* [EXERCISE DESCRIPTION]: Everything below from the line with "Superio Mini Desktop" through the line with "智能化工具和标准化文档,,,,保障服务质" must be retyped exactly, except the pictures.

* [RECORDS PROVIDED]:
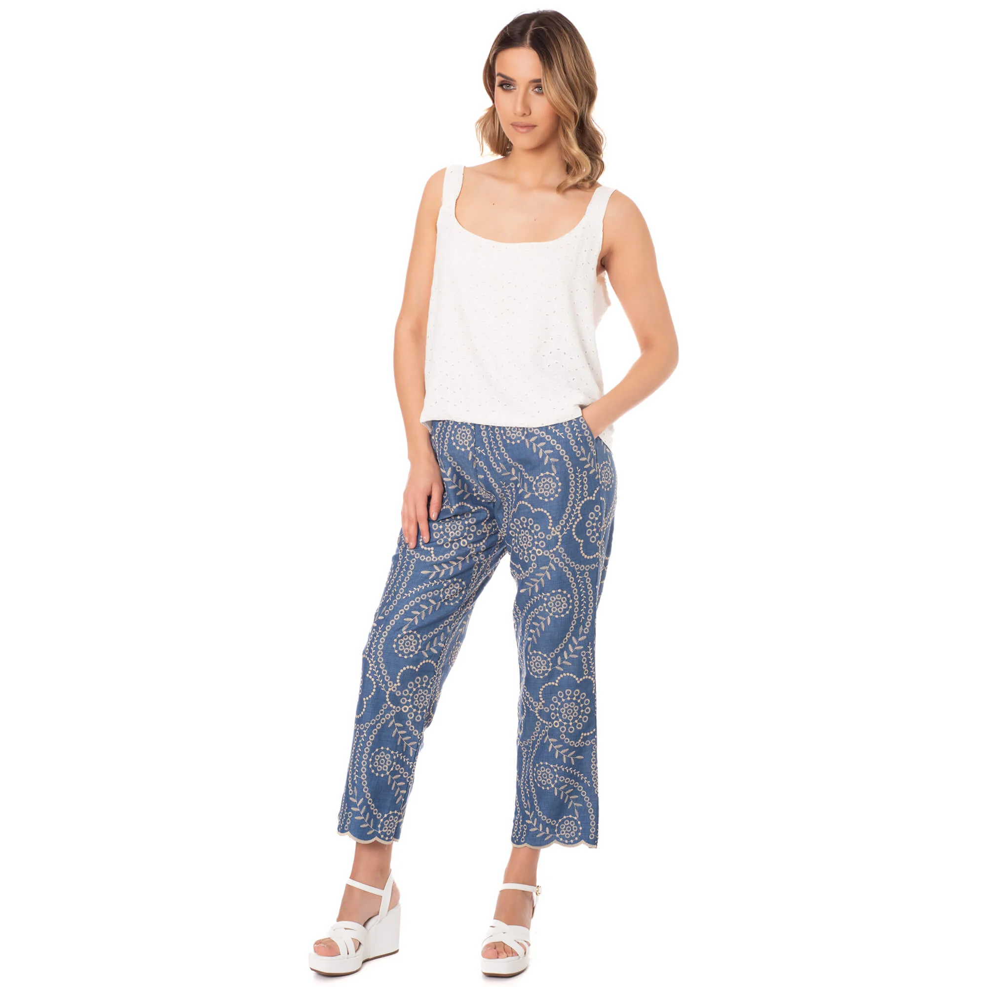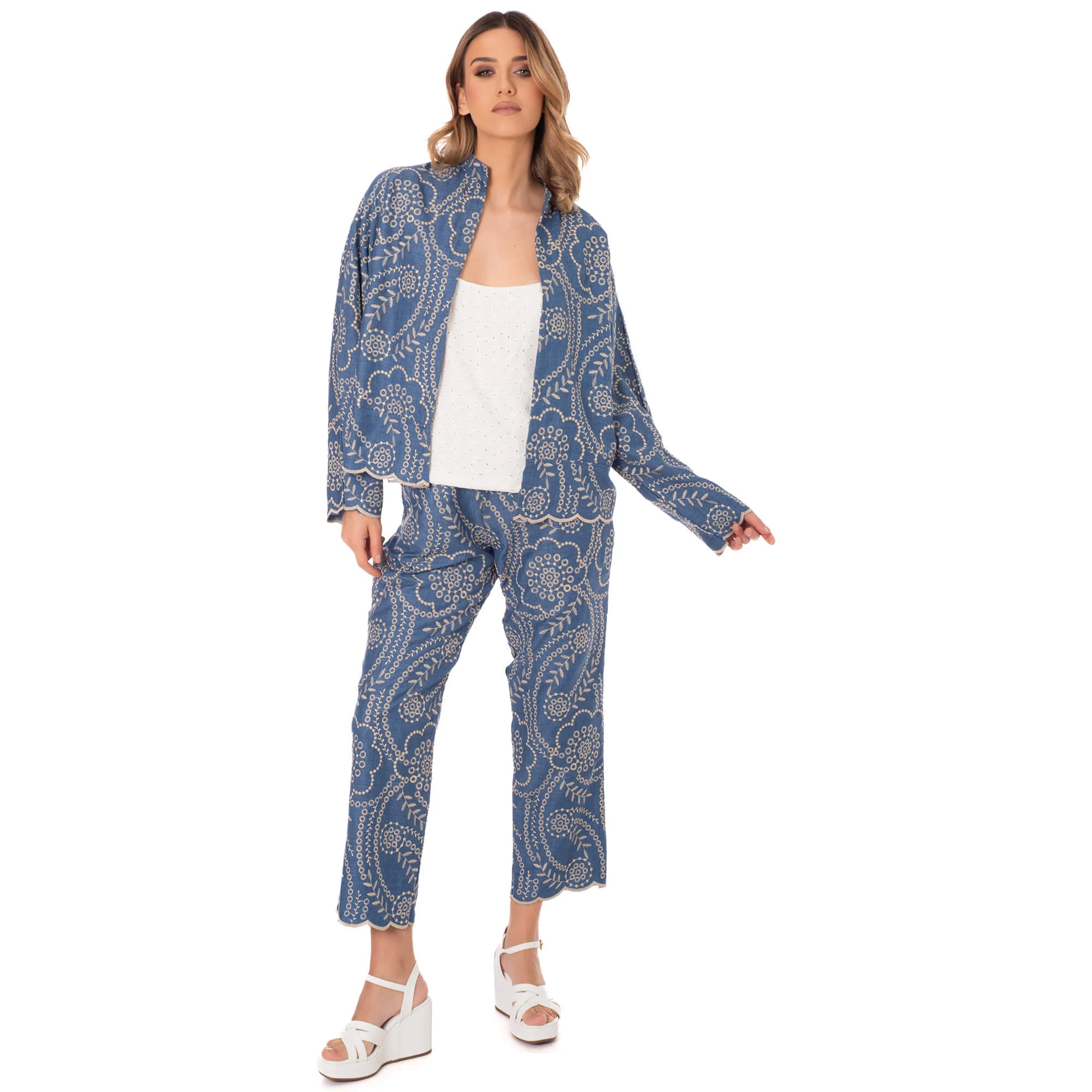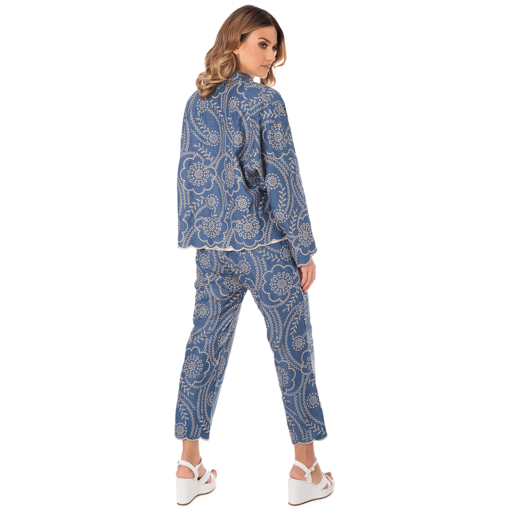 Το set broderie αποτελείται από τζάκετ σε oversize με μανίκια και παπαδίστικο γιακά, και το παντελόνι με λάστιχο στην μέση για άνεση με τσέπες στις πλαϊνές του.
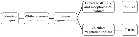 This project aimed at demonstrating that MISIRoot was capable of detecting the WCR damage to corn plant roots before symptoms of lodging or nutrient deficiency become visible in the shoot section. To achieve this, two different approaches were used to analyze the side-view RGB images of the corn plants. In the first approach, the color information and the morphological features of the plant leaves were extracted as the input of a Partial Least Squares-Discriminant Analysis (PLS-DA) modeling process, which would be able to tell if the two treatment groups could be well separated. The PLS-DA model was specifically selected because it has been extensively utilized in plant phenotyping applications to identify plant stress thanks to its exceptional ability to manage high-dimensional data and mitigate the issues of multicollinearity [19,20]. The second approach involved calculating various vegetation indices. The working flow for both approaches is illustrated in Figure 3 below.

...

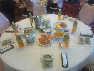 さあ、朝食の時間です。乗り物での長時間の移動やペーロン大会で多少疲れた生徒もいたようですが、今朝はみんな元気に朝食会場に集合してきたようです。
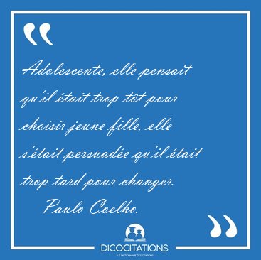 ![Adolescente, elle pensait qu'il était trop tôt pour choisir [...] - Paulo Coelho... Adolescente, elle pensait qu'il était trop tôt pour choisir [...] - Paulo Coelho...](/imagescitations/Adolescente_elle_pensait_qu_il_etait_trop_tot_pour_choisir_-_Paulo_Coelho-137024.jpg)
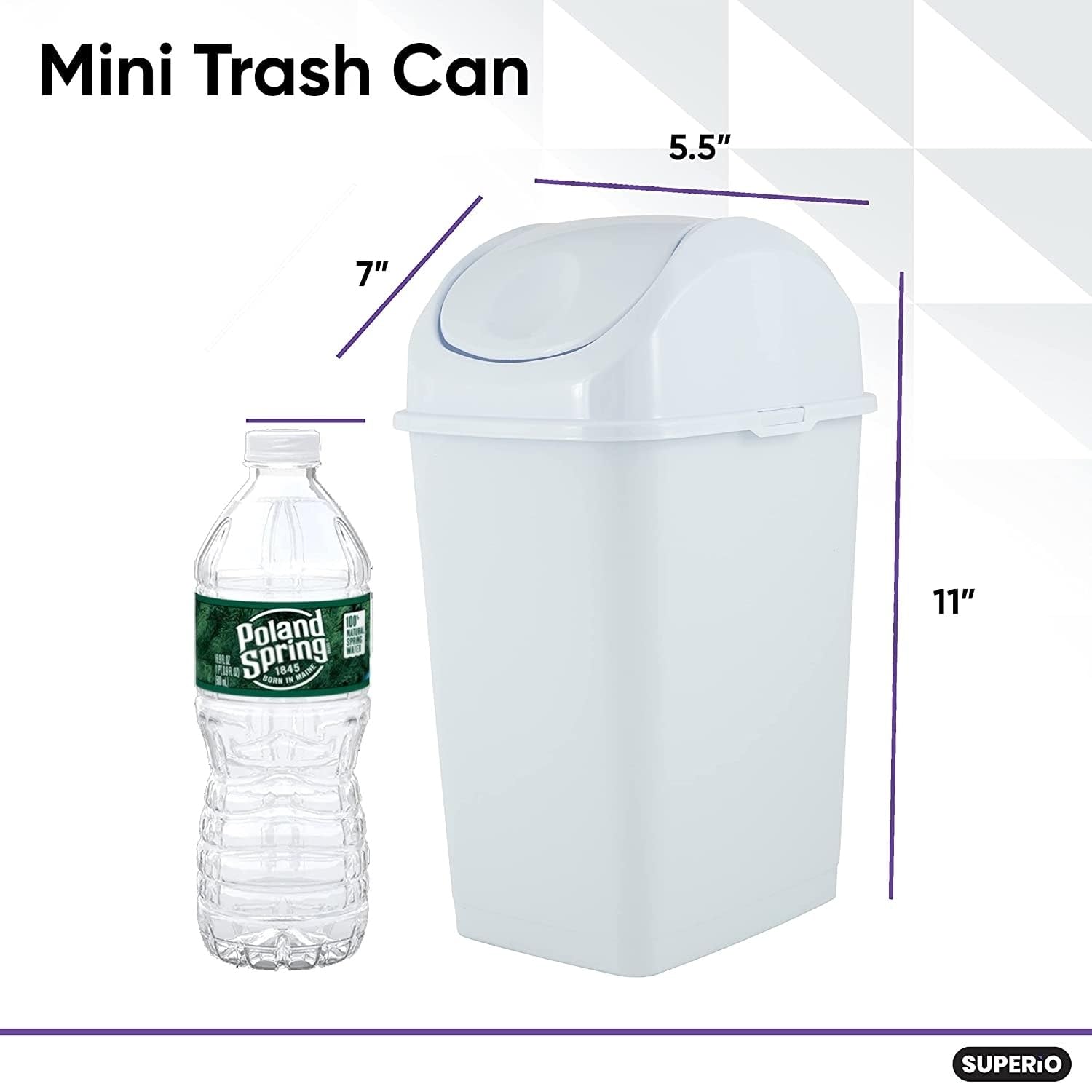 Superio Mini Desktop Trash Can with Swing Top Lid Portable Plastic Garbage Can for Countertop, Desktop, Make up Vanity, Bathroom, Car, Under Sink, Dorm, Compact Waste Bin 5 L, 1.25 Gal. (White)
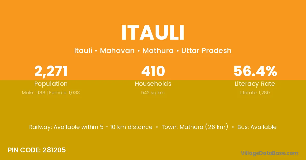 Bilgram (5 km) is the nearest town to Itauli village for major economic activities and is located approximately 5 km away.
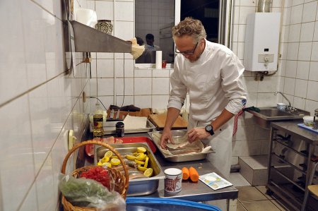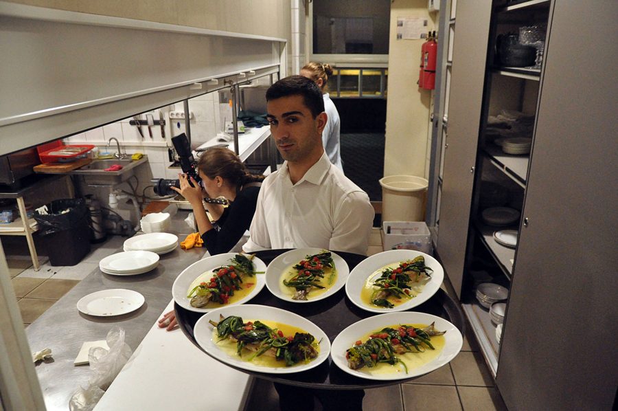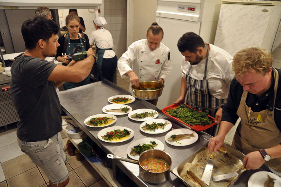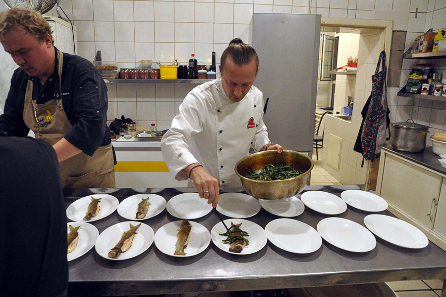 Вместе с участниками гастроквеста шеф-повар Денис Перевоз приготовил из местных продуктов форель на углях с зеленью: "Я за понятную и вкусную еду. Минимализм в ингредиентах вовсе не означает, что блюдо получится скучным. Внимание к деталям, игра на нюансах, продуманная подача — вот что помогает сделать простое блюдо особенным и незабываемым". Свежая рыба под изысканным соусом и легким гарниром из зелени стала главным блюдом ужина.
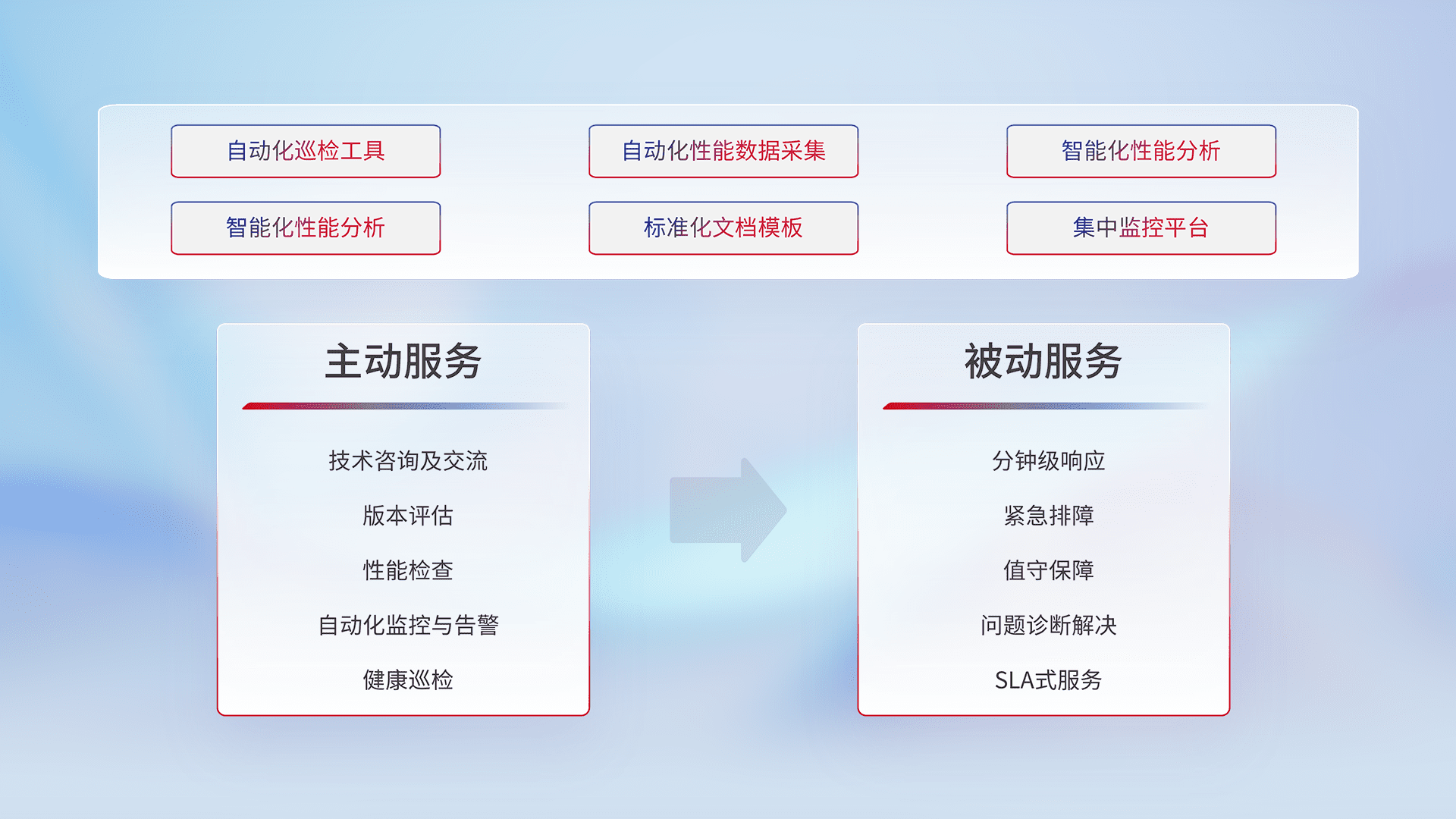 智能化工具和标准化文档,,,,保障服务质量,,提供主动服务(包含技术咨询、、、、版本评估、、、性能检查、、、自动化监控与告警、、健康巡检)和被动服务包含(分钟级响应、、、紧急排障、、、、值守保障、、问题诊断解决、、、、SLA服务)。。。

==

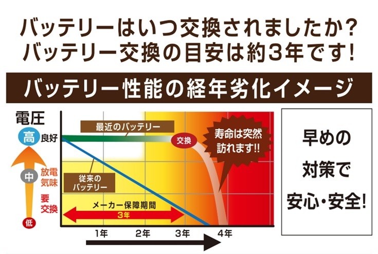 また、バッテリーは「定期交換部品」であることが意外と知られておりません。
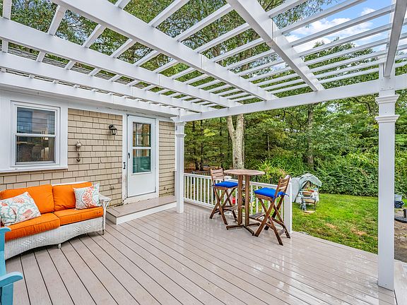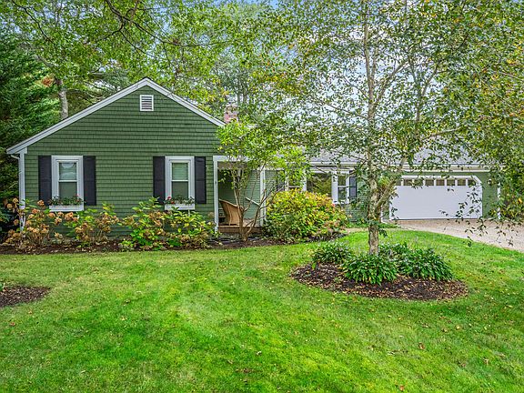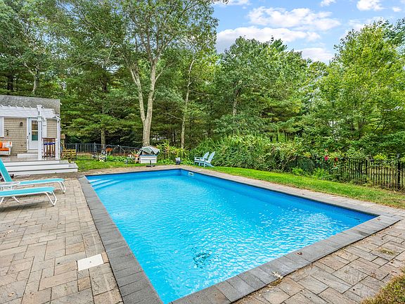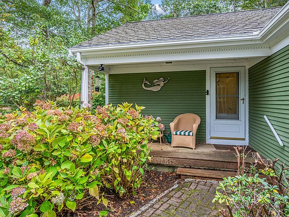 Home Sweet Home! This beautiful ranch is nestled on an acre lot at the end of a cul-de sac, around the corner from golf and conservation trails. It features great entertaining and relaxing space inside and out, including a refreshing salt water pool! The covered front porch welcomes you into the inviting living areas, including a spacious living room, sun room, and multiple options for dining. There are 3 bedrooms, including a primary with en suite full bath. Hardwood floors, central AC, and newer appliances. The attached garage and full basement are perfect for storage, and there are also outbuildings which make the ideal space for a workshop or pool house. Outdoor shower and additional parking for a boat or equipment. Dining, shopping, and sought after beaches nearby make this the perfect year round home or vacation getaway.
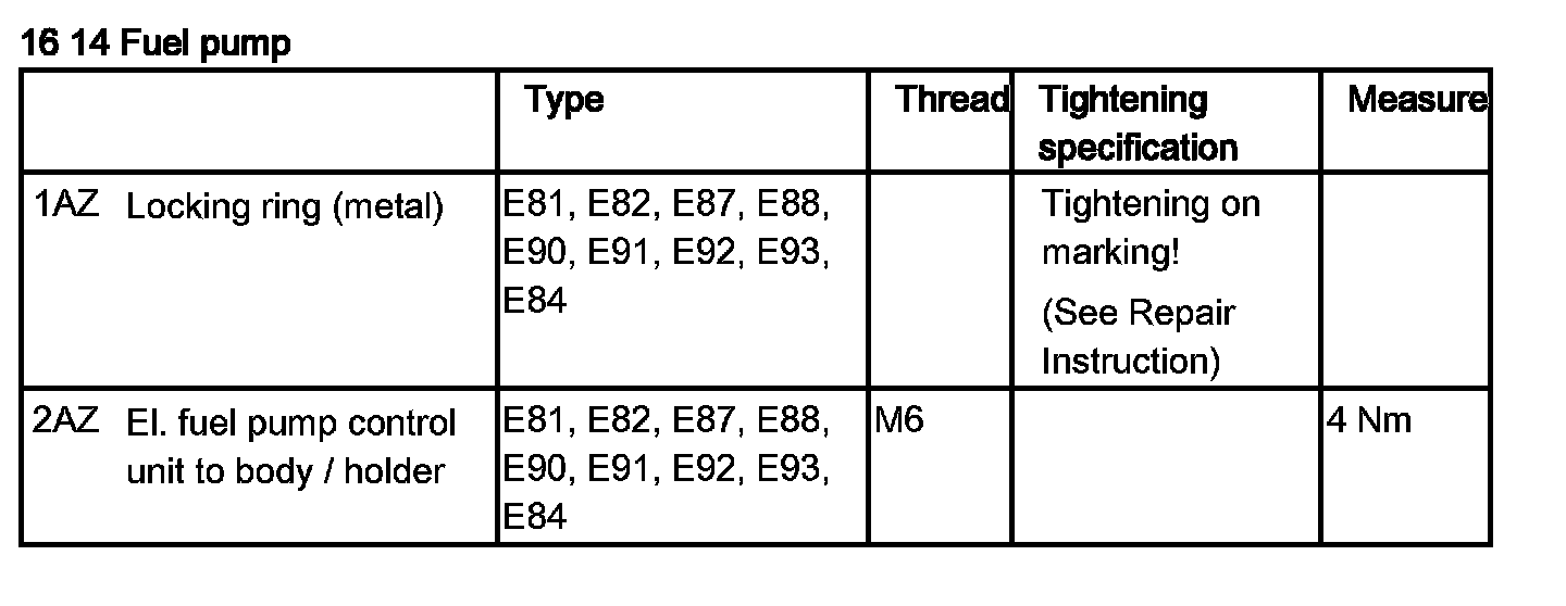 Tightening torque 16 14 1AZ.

* [RESPONSE]:
 Superio Mini Desktop Trash Can with Swing Top Lid Portable Plastic Garbage Can for Countertop, Desktop, Make up Vanity, Bathroom, Car, Under Sink, Dorm, Compact Waste Bin 5 L, 1.25 Gal. (White)
 Bilgram (5 km) is the nearest town to Itauli village for major economic activities and is located approximately 5 km away.
 Вместе с участниками гастроквеста шеф-повар Денис Перевоз приготовил из местных продуктов форель на углях с зеленью: "Я за понятную и вкусную еду. Минимализм в ингредиентах вовсе не означает, что блюдо получится скучным. Внимание к деталям, игра на нюансах, продуманная подача — вот что помогает сделать простое блюдо особенным и незабываемым". Свежая рыба под изысканным соусом и легким гарниром из зелени стала главным блюдом ужина.
 智能化工具和标准化文档,,,,保障服务质量,,提供主动服务(包含技术咨询、、、、版本评估、、、性能检查、、、自动化监控与告警、、健康巡检)和被动服务包含(分钟级响应、、、紧急排障、、、、值守保障、、问题诊断解决、、、、SLA服务)。。。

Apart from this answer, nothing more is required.